This, too, shall pass.
And when the current government crisis in Israel, the showdown with Iraq and the conflict with the Palestinians are history, professor Avishay Braverman wonders, whither Israel?
His answer: the Negev.
"All our focus is on what I call the theater of the immediate," Braverman said. "I'm concerned we ignore internal issues in Israel, as if all we have to do is solve our external problems and the Messiah will come."
Braverman, the president of Ben-Gurion University of the Negev (BGU), was in Los Angeles last week raising money and awareness for his college and his cause. At a time when Israel's "Theater of the Immediate" was running three shows daily on CNN, he was pushing his audiences to think long term.
The Negev Desert in southern Israel makes up 60 percent of Israel, but accounts for only 8 percent of its population. Braverman envisions turning the region's main city, Beersheba, into a metropolis of 3 millions souls. Surrounding it would be development towns, now blisters of unemployment and neglect, reinvented as research and support centers. These communities and greenbelts would carpet the desert, airing out the tightly packed coastal area of Israel and linked via efficient trains to similar new developments in the Galilee.
"By the year 2040, there will be 12 million Israelis," Braverman told me over breakfast in Century City. "Now is the time for the Negev project."
Braverman, 54, is a tall man with a keen intellect and the forceful presence of a platoon commander, which he was. The Stanford-trained economist counts himself as a friend to Prime Minister Ariel Sharon and former Prime Minister Ehud Barak, and observers of the Israeli political scene say that if Braverman only wanted to get his hands a little dirty in national politics, Labor Party leadership would be his for the taking.
But Braverman says he is content -- for now -- to leverage his considerable access and influence to push his dream. "I want the key players of the Jewish world to focus now on the Negev."
If there is a bit of Los Angeles water pioneer William Mulholland in Braverman -- it's easy to picture him standing astride the empty stretches of desert proclaiming as Mulholland did, "There it is, take it" -- there is more than a touch of David Ben-Gurion. Israel's first prime minister made his home on Kibbutz Sde Boker, about 25 miles from Beersheba. He who would seek wisdom, Ben-Gurion used to say, should head south to the Negev.
Ben-Gurion long believed that settling the Negev was critical to Israel's future, and today his vision seems more urgent than ever. It is the catalyst for what Braverman calls Zionism 2.0, the next phase in the Jewish people's nation-building in its ancestral homeland. Like Zionism's first iteration, this one, too, involves a man, a vision and a desert landscape.
It is true that every third Israeli declares his corner of the country the next "Silicon Wadi," ripe for foreign investment and boom times. But Braverman -- to judge by his track record -- might just be the one to fulfill his own prophecy.

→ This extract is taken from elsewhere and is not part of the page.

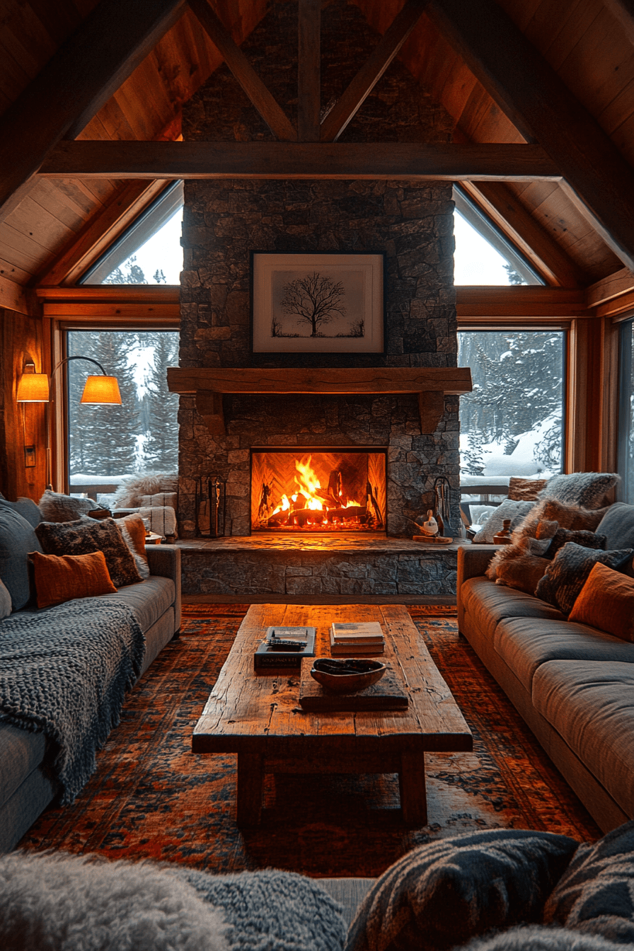Snow gently falls outside while this little cabin living room radiates winter magic. Fuzzy throws, soft lighting, and a crackling fireplace make it feel like a dream come true. The textures and tones capture warmth against the chill. Every moment here feels peaceful and restorative.

He arrived at BGU 12 years ago as Israel's youngest university president, at a time when the government threatened to turn the school, riddled with debt and declining enrollment, into a community college. He has since tripled enrollment to 16,000, raised $250 million, run budget surpluses each year and established the campus as a leader in science and literature.
Its Hebrew literature faculty includes Amos Oz and Aharon Appelfeld; its National Institute for Biotechnology boasts as consultants Phillip Needleman, developer of Celebrex, and Nobel Prize laureate Sir Aaron Klug, and it runs a world-renowned program in arid lands and water research.
Now, BGU is the fastest-growing university in Israel and the hardest one to get into. Think Princeton or Dartmouth at 33 Celsius.
But Braverman's vision of Israel extends beyond the university and the desert. Israel's lurching from crisis to crisis has blinded its leaders to the need for long-term planning and investment. During the last decade, when the tech boom and the glow of Oslo set fire to the nation's economy, the division between the country's haves and have-nots only grew, and monies for public services were nowhere to be found.
"The trickle-down theory never took place anywhere," said Braverman, who served as a senior economist at the World Bank. "There is no trickle-down theory. We never invested -- that's my j'accuse -- not in education, desalination, transportation. We didn't do what we're supposed to do."
But, he says, it is not too late. Development in the Negev and the Galilee -- another underutilized region to the north -- could be the catalyst for improving Israel's governance -- more regional control, less waste and corruption -- and democracy.
For starters, Braverman urges Angelenos who visit Israel to start putting Beersheba and environs on their itinerary. "If you don't go to the Negev" he told me, "you don't understand what Israel is." Or, he might have added, what it can become.